First an overview of the control methods is necessary.There are several such as leader-follower, virtual structure, behavior-based, consensus-based, and artificial potential field and advanced AI-based methods (like artificial neural networks and deep reinforcement learning).

There are advantages and limitations of each approach, showcasing how conventional methods offer reliability and simplicity, while AI-based strategies provide adaptability and sophisticated optimization capabilities.

There is a critical need for innovative solutions and interdisciplinary approaches combining conventional and AI methods to overcome existing challenges and fully exploit the potential of UAV swarms in various applications, so the infrastructure and solution accelerator stacks must enable switching from one AI model to another or even change direction from one control strategy to another.

Real-world applications for UAV swarms are not only present, they are the future. So this case study is justified by wide-ranging applications across fields such as military affairs, agriculture, search and rescue operations, environmental monitoring, and delivery services.

Now, for a little more detail on the control methods to select one that we can leverage for a cloud representation. These control methods include:

Leader-Follower Method: This method involves a designated leader UAV guiding the formation, with other UAVs following its path. It's simple and effective but can be limited by the leader's capabilities.

Virtual Structure Method: UAVs maintain relative positions to a virtual structure, which moves according to the desired formation. This method is flexible but requires precise control algorithms.

Behavior-Based Method: UAVs follow simple rules based on their interactions with neighboring UAVs, mimicking natural swarm behaviors. This method is robust but can be unpredictable in complex scenarios.

Consensus-Based Method: UAVs communicate and reach a consensus on their positions to form the desired shape. This method is reliable and scalable but can be slow in large swarms.

Artificial Potential Field Method: UAVs are guided by virtual forces that attract them to the desired formation and repel them from obstacles. This method is intuitive but can suffer from local minima issues.

Artificial Neural Networks (ANN): ANN-based methods use machine learning to adaptively control UAV formations. These methods are highly adaptable but require significant computational resources.

Deep Reinforcement Learning (DRL): DRL-based methods use advanced AI techniques to optimize UAV swarm control. These methods are highly sophisticated and can handle complex environments but are computationally intensive.

Out of these, the virtual structure method inherently leverages both the drones capabilities to find appropriate positions on the virtual structure as well as their ability to limit the movements to reach their final position and orientation.

Some specific examples and details include:

Example 1: Circular Formation

Scenario: UAVs need to form a circular pattern.

Method: A virtual structure in the shape of a circle is defined. Each UAV maintains a fixed distance from this virtual circle, effectively forming a circular formation around it.

Advantages: This method is simple and intuitive, making it easy to implement and control.

Example 2: Line Formation

Scenario: UAVs need to form a straight line.

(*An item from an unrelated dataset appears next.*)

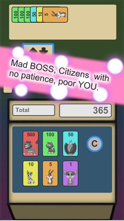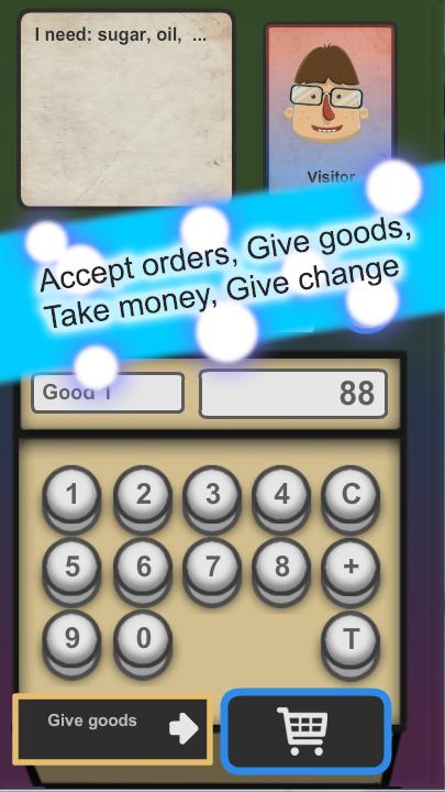 you are the cashier in small shop. You have an angry boss, inhabitants are impatient and you have to change everything. Sell goods, take money and give change. Be influenced by situations into which the cashier of shop gets. But remember - your boss is very angry for the whole world.

Method: A virtual structure in the shape of a line is defined. Each UAV maintains a fixed distance from this virtual line, forming a straight line formation.

Advantages: This method is effective for tasks requiring linear arrangements, such as search and rescue operations.

Example 3: Complex Shapes

Scenario: UAVs need to form complex shapes like a star or polygon.

Method: A virtual structure in the desired complex shape is defined. Each UAV maintains a fixed distance from this virtual structure, forming the complex shape.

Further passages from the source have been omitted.